Now we are getting into an interesting area. We are talking about what Google search cannot do.

But before I dive deeper into what Google search cannot do, I must lay down the yard-stick for measuring success in doing search. Since, search is primarily a navigation thing and navigation is done best when it is almost invisible to people, search is done best when people don’t realize that they are doing search.
It just flows. I search, I get the definite winner among the top results, I don’t even register that I searched. However, search is bad when I realize that I am searching. If I want to know the best restaurants in Bangalore, and I search it on Google, what do I get? Is there a definite winner? No. So, Google search has failed.

So, where all Google search fails? Several places. In fact, it’s amazing that Google search fails at so many places. And it’s even more amazing that the number of such places is increasing. Let’s look at some broad categories -

1. A rather closed cluster of information. Google search is based on popularity of a page across the web for given keywords. But consider Slideshare. It’s a small web within the world wide web. Consider scribd. Consider video sharing sites. Consider social networks. Consider friendfeed. Consider twitter. The rules that determine the popularity of some content at these places are different. On slideshare, it matters how many times a PPT was viewed, how many comments it has, how many users saw it through the end and how many left it in between. It has its own mechanism by which the popularity for a PPT can be determined. Search for “website scalability” on Google and Slideshare and compare the quality of results. Twitter? Isn’t a lot of interesting stuff happening there? Can Google mine it the way it mines general web pages? The rules for ranking are different.

So, Google search fails (well, mostly ;) when it comes to a web within the web.

2. Not everything on the web is a webpage. And Google’s one-size-fits-all doesn’t work for non-webpages. That’s why Google has several other specific search implementations – Images, Code, Groups, Blogs etc. And there are many that are yet to come – Word documents, PDF, PPT, microblogs, blog comments and what not. I can go on but you got the idea. Right? While Google is a clear winner for webpages but there are several other things which are not webpages, which need to be searched on the web and Google either doesn’t search it or doesn’t search it with equal maturity. What’s even more interesting is that you’ll find overlap in point #2 and point #1. A lot of things on the web which are not webpages are found in closed clusters which will have their own custom method for ranking.

3. There is also data on the web. List of available flights from Delhi to Mumbai, their price, airline name, airline number, available seat details, timings etc is data. It is not a webpage or something like PDF which can be just displayed. This is data and it can be shown in interesting ways and it can be used in interesting ways. Same goes with the hotels. List of hotels in a city and various attributes of those hotels like location, room sizes, ambience, facilities etc. If you are wondering what search has to do with all this data, let me remind – search is a navigation method. When I am going to a new city and I want to decide which hotel to stay in, my decision is based on various such parameters.

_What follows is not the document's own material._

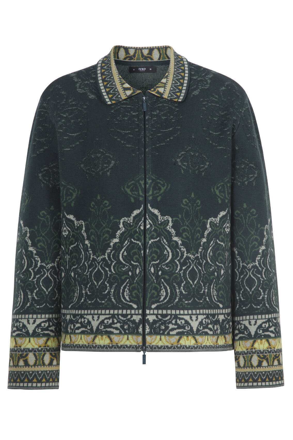 Vunena jakna sa Ornament motivom u preciznom žakard pletivu. Diskretno zatvaranje i uredni porubi doprinose postojanoj silueti, dok standardni kroj pruža udobnost i lako uklapanje.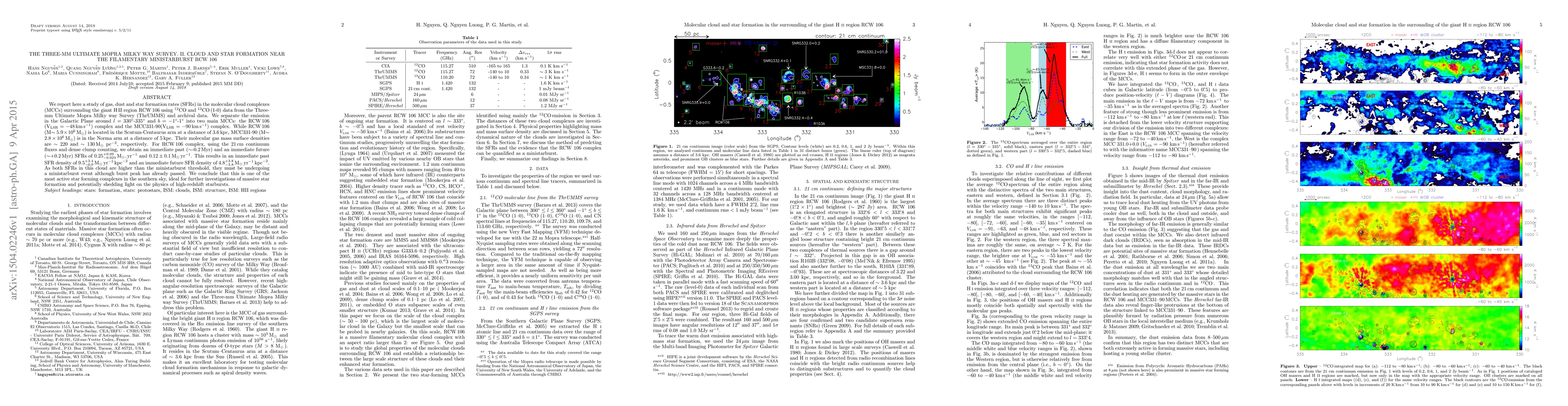 We report here a study of gas, dust and star formation rates (SFRs) in the molecular cloud complexes (MCCs) surrounding the giant H$\,{\rm \scriptsize{II}}$ region RCW$\,$106 using $^{12}$CO and $^{13}$CO$\,$(1-0) data from the Three-mm Ultimate Mopra Milky way Survey (ThrUMMS) and archival data. We separate the emission in the Galactic Plane around $l=330^{\circ}$-$335^{\circ}$ and $b=-1^{\circ}$-$1^{\circ}$ into two main MCCs: the RCW$\,$106 (V$_{\rm LSR} = -48\,$km$\,$s$^{-1}$) complex and the MCC331-90(V$_{\rm LSR} = -90\,$km$\,$s$^{-1}$) complex. While RCW$\,$106 (M$\sim 5.9\times 10^{6}\,$M$_{\odot}$) is located in the Scutum-Centaurus arm at a distance of 3.6$\,$kpc, MCC331-90 (M$\sim 2.8\times 10^{6}\,$M$_{\odot}$) is in the Norma arm at a distance of 5$\,$kpc. Their molecular gas mass surface densities are $\sim220$ and $\sim130\,$M$_{\odot}$ pc$^{-2}$, respectively. For RCW$\,$106 complex, using the 21$\,$cm continuum fluxes and dense clump counting, we obtain an immediate past ($\sim$-0.2$\,$Myr) and an immediate future ($\sim$+0.2$\,$Myr) SFRs of $0.25_{-0.023}^{+0.09}\,$M$_{\odot},{\rm yr}^{-1}$ and $0.12\pm0.1 \,$M$_{\odot}\,{\rm yr}^{-1}$. This results in an immediate past SFR density of $9.5_{-0.9}^{+3.4}\,$M$_{\odot}\,{\rm yr}^{-1}\,{\rm kpc}^{-2}$ and an immediate future SFR density of $4.8_{-3.8}^{+3.8}\,$M$_{\odot}\,{\rm yr}^{-1}\,{\rm kpc}^{-2}$. As both SFRs in this cloud are higher than the ministarburst threshold, they must be undergoing a ministarburst event although burst peak has already passed. We conclude that this is one of the most active star forming complexes in the southern sky, ideal for further investigations of massive star formation and potentially shedding light on the physics of high-redshift starbursts.

But Google search doesn’t work here. And it will not. The purpose is different. Google search is for heading to a page whose URL I don’t know but I know some keywords pertaining to that page. It is not for viewing the data.

4. Search as an integral component of a service. I would have taken trip planner example for this i.e. booking a flight for a city, booking the cab, the hotel, deciding the sight-seeing etc. But since that’s already widely talked about, I’ll take something else. Just to prove the wide applicability of search and how we need to see search in a different perspective.

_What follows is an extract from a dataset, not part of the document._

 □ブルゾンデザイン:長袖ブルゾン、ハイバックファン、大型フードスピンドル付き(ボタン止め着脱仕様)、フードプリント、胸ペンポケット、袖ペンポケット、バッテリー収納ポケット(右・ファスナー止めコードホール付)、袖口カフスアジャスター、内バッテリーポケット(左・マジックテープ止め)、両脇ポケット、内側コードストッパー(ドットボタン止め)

Let’s talk about phulki.com. It’s a search engine for desi music. Its interface looks very much like Google search. But is that how it should be? No. I go to Google to navigate to the final destination page. Go to Google, search for “mysql linux download”. Click on the top result and go to mysql.com page. But I go to phulki.com for listening to the music online or for downloading it. The purpose is different. If I search for “Maula mere le le meri jaan”, I don’t want 10 results showing me the same song from different sources. I don’t care which source it comes from. I just want the best listening/downloading experience. So, show it to me as one song with a drop-down list of various sources (the supposedly best one auto-selected) and a download link (yes, just a single download link) and again a drop down list of sources for download.

If I search for “chak de india”, it should figure out that it’s an album and show me a list of songs from that movie, nicely ordered with an option to put all songs of that movie in my playlist with a single click.

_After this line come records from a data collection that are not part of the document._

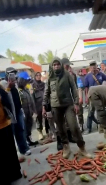 “Kalau menjual bawang, rica, tomat, seharusnya bukan di sini tempatnya. Barang tersebut harus dijual di dalam pasar yang sudah disediakan!” ujar salah satu oknum anggota Satpol PP di tengah keriuhan.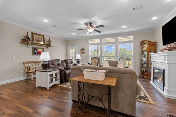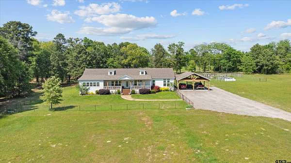 Step into the charm and space of East Texas living with this inviting country property set on generous acreage, offering the perfect balance of privacy and convenience. This well-maintained home features approximately four bedrooms and two and a half bathrooms, providing a flexible layout ideal for both everyday living and hosting guests. Inside, you’ll find a comfortable living area anchored by a cozy fireplace, complemented by durable flooring and plenty of natural light throughout. The kitchen is equipped with a propane cooktop paired with electric double ovens, offering the best of both worlds in a true dual-fuel setup that’s perfect for cooking enthusiasts. Each bedroom is thoughtfully sized, giving everyone their own retreat while still feeling connected to the heart of the home. A heat pump system provides efficient heating and cooling for year-round comfort. Outside, the property truly shines with wide-open spaces and scenic surroundings that capture the essence of rural East Texas. Whether you’re envisioning a garden, small livestock, or simply room to roam, this acreage provides endless possibilities. A covered porch invites you to relax and take in peaceful views, while additional outdoor features—including a shop that contributes to the property’s second water heater—offer functionality for hobbies, st Outside, the property truly shines with wide-open spaces and scenic surroundings that capture the essence of rural East Texas. Whether you’re envisioning a garden, small livestock, or simply room to roam, this acreage provides endless possibilities. A covered porch invites you to relax and take in peaceful views, while additional outdoor features offer functionality for hobbies, storage, or workspace needs. The setting provides a sense of seclusion without sacrificing accessibility to nearby towns and amenities. Whether you're looking for a full-time residence or a quiet escape, this property delivers both comfort and opportunity in one beautiful package.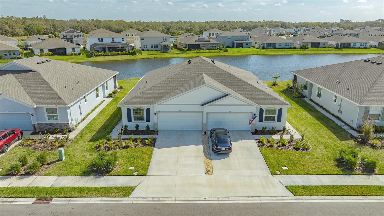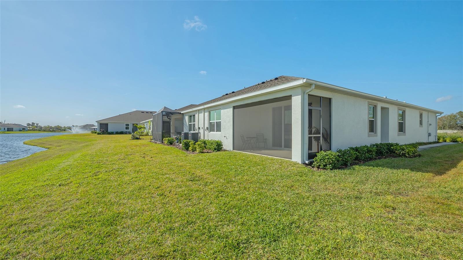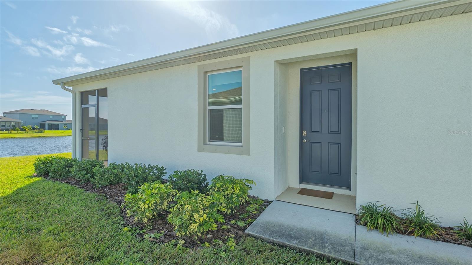 Welcome to your serene, lakefront newer build in the gated community of Coddington! Built solid with concrete block construction and a full complement of storm shutters, this lovely paired villa is a great opportunity for “new and ready now.” The interior lot and setting is the key- you’ll enjoy water views, wildlife and birds as well as atmospheric sunrises from the screened-in back porch. The open layout includes tiled main living area and an oversized kitchen with granite countertops and plenty of storage. The primary bedroom features water views through the windows, a dual vanity, and walk-in shower. The split plan allows for bedrooms two and three to have their own privacy on the opposite side of the home. Bedroom three sets up ideally as an office. This home features smart home technology that was included by the builder. The two car garage allows for abundant storage and rounds out this lovely residence. Coddington is maintenance-free meaning the association covers the lawn maintenance for you, and the community has an awesome pool and cabana, flex lawn, and playground. This newer home has been lightly lived in and is ready for new owners, schedule your private showing today!

And how about “Those who listened to Maula-mere-le-le-meri-jaan also listened to ek-parinda-aisa-toota”?

It will have technical challenges. It will require phulki to index differently. But phulki is not a search engine for desi music! It is a website for playing desi music!! Search being just the navigation model to reach the music that I want.

Take local search for example. When I search for electronic appliance shop in Pune Camp area, I want not only the name/phone/address, I would also like to be shown the reviews people have left for those shops on different sites.

Summary

There are a lot of contexts in which general purpose, “web search” as provided by Google and others doesn’t work (at least not with as much maturity). And it’s interesting to note that such contexts are growing. The number of sites which are web-within-the-web are increasing. More and more non-webpages are making appearance on the web. Web based applications have started bringing in data (hotels in a city is data, not a webpage; let’s accept this). And finally, there are several web based applications coming up (like phulki, local search) where search is an integral part of their workflow.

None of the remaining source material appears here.